AIM OF THE TASK.
Exact copies of the lines below, from the one with "Type C From 1,321 sq.ft to 1,487 sq.ft" up to and including the one with "Frosted/Antique Bronze TAK-PA02-GLF1-SH", are what this calls for; leave out pictures.

RECORD EXCERPTS.
───

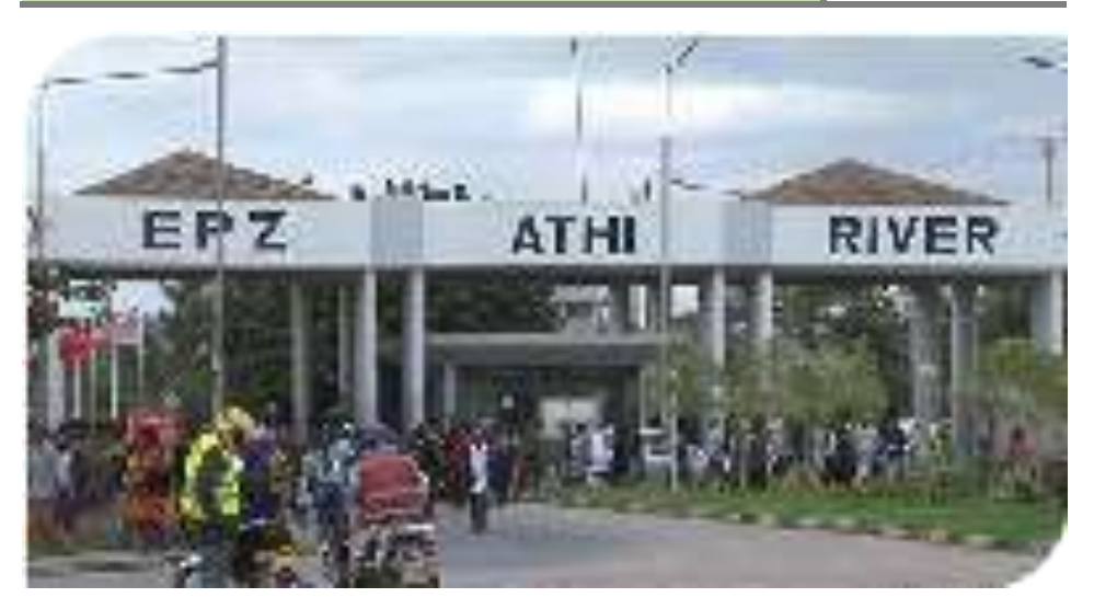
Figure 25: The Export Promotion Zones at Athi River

───

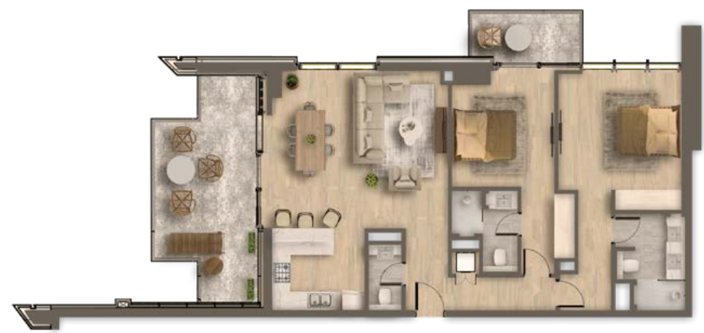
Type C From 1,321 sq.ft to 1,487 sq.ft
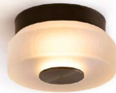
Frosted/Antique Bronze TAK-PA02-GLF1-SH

───

RESPONSE FOR THIS EXERCISE.
Type C From 1,321 sq.ft to 1,487 sq.ft
Frosted/Antique Bronze TAK-PA02-GLF1-SH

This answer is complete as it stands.